Violet Rudia, an informal labourer in Nairobi, agreed that the costs of commodities within the nation have lowered in comparison with final yr though remaining excessive in comparison with 5 years in the past.
“For now, I can say that on my end things have started becoming affordable for instance, you can get a Sh140 of maize flour, a 2 kg that is, compared to 2023 when they were at Sh210. This I think has also been influenced by the fertiliser subsidy initiative,” she stated.
However, National Treasury Principal Secretary Chris Kiptoo argues that authorities interventions have alleviated the price of dwelling.
He states: “I’m happy because when I look back, so much has happened. I think I am right to say that the worst is over and the future is brighter. Inflation has come down not just because of CBK but also due to a combination of what we have done at the National Treasury.”
Economist Kwame Owino, nonetheless, affords a distinct perspective in his evaluation of the economic system. While he acknowledges the decline in inflation, he notes that it hasn’t translated into improved demand for items and companies.
Owino factors out that whereas costs are lowering barely now, they’d beforehand risen sharply over the previous 5 years, outpacing earnings progress.
He remarks, “Over the past five years, if you look at the inflation basket, food inflation has really been hiking at a high rate. Irrespective of the fact that prices are dropping, they rose at higher levels than incomes.”
“If you measure the poverty levels today, Kenyans are poorer than they were in the year of Covid-19 and so if you take all those things together, Kenyans are not guessing, they say, fine you are giving us fine numbers but I cannot afford enough food. Poverty rate means that at 40 per cent, 21 million people do not have sufcient funds to feed themselves,” Owino added.

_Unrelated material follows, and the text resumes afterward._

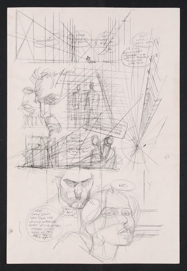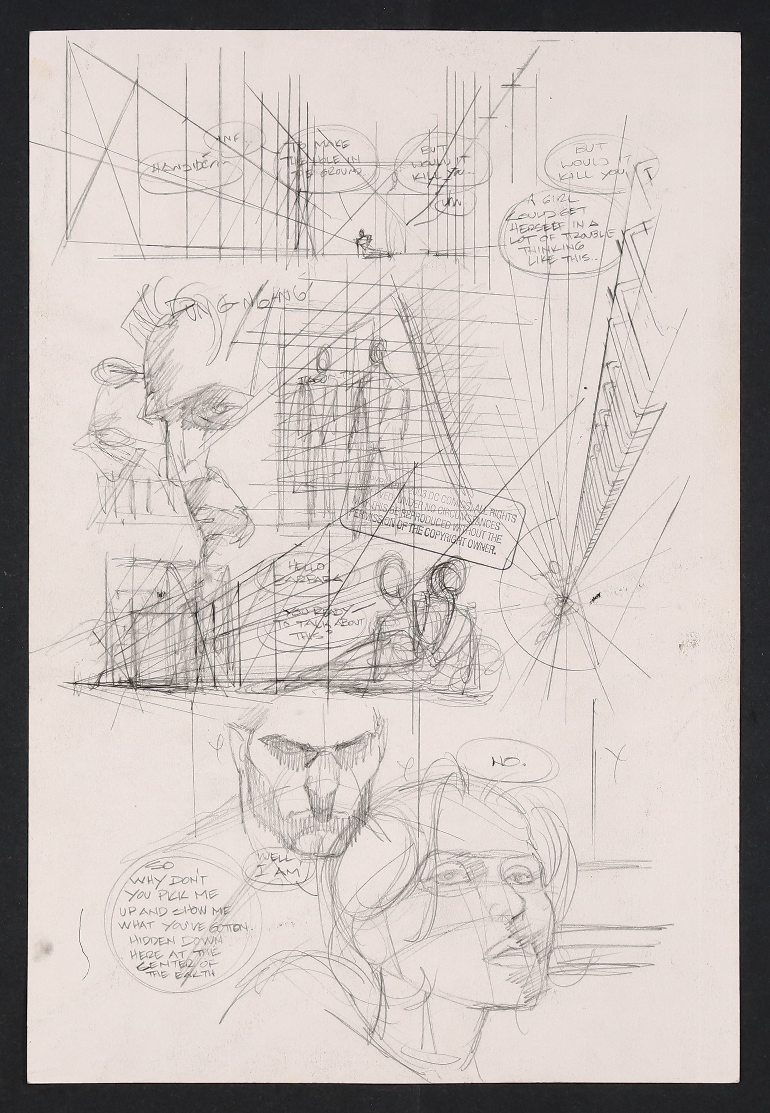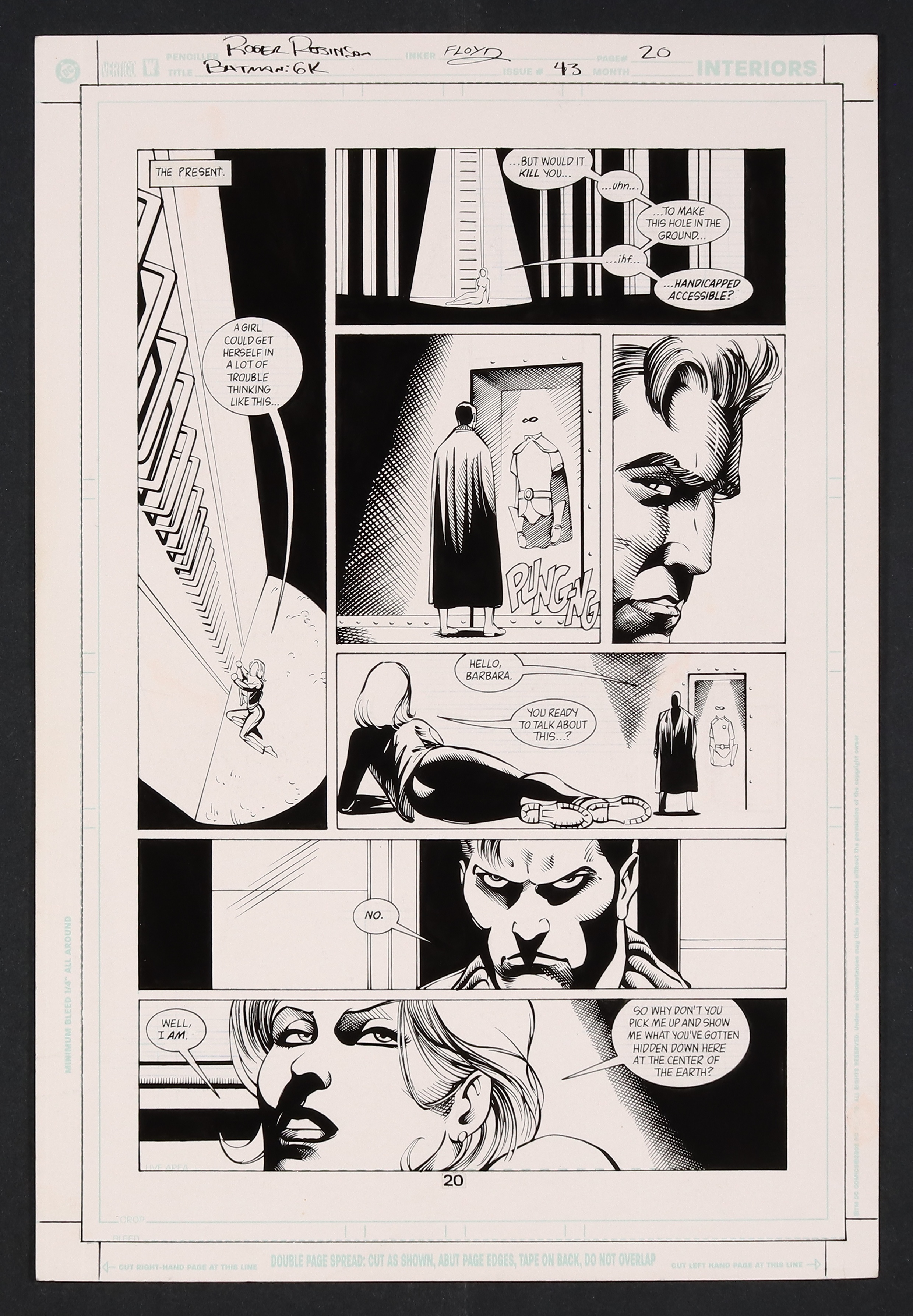 An absolutely brilliant page from this story about Jason Todd's death coming back to haunt Batman! As Bruce moodily ponders his shrine to Jason Barbara Gordon appears behind him, sandwiching Bruce between the consequences that come with allowing others to put on the mask. Robinson and Floyd are firing on all cylinders here from the blocking and framing of the scene to the expressive faces on our heroes. Pencil and ink on DC Comics art board. 11 1/4" X 17".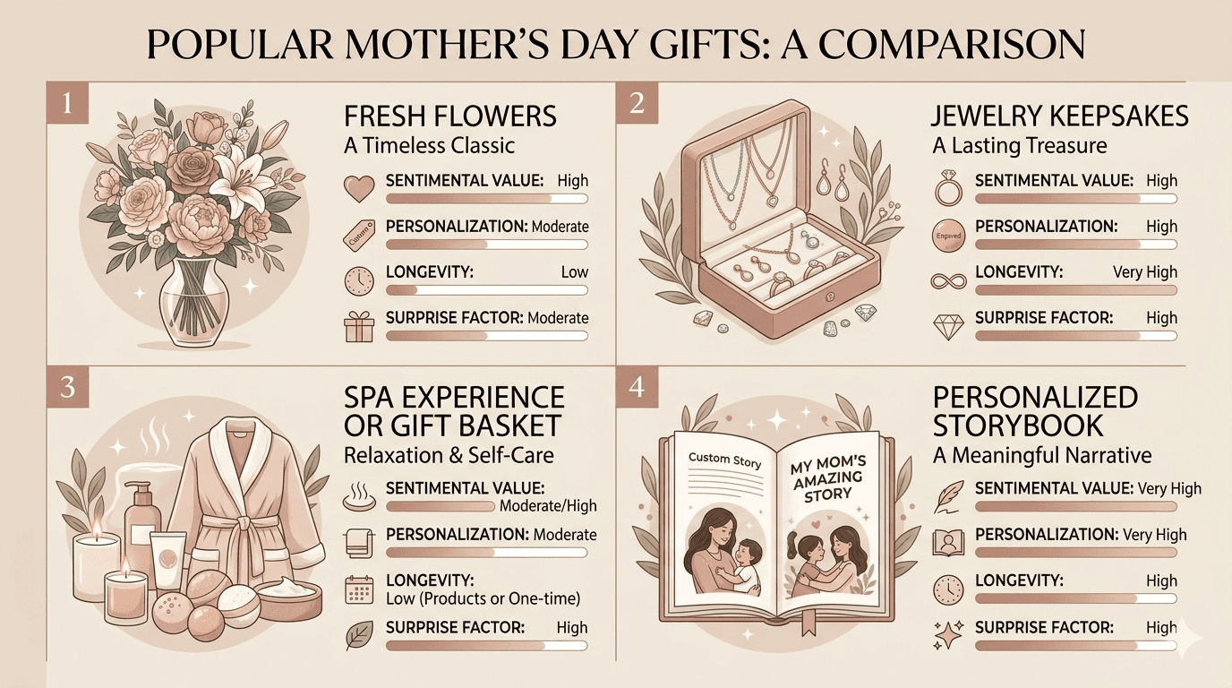 Gift idea | Personal feel | Surprise factor | Lasting keepsake value | Kid involvement | Overall Mother’s Day impact |

“What I must say is that Kenyans, we have serious work to do and we cannot wipe away this thing with flowery language and PR messages.”
The disparity between official inflation figures and the lived experiences of Kenyans could be attributed to a number of components.
Inflation charges are calculated primarily based on a basket of products and companies, and whereas some gadgets could have stabilised or decreased in worth, important commodities like meals have seen vital will increase. Global occasions have additionally had a direct impression on native meals costs in Kenya, contributing to the disconnect between reported inflation charges and the precise price of dwelling.
While the shilling has proven stability, the advantages of a stronger foreign money haven’t essentially trickled all the way down to customers. Importers should still be coping with larger prices from earlier intervals of foreign money weak spot, and these prices are sometimes handed on to customers.
Additionally, home components akin to taxation, manufacturing prices, and distribution inefficiencies proceed to affect retail costs.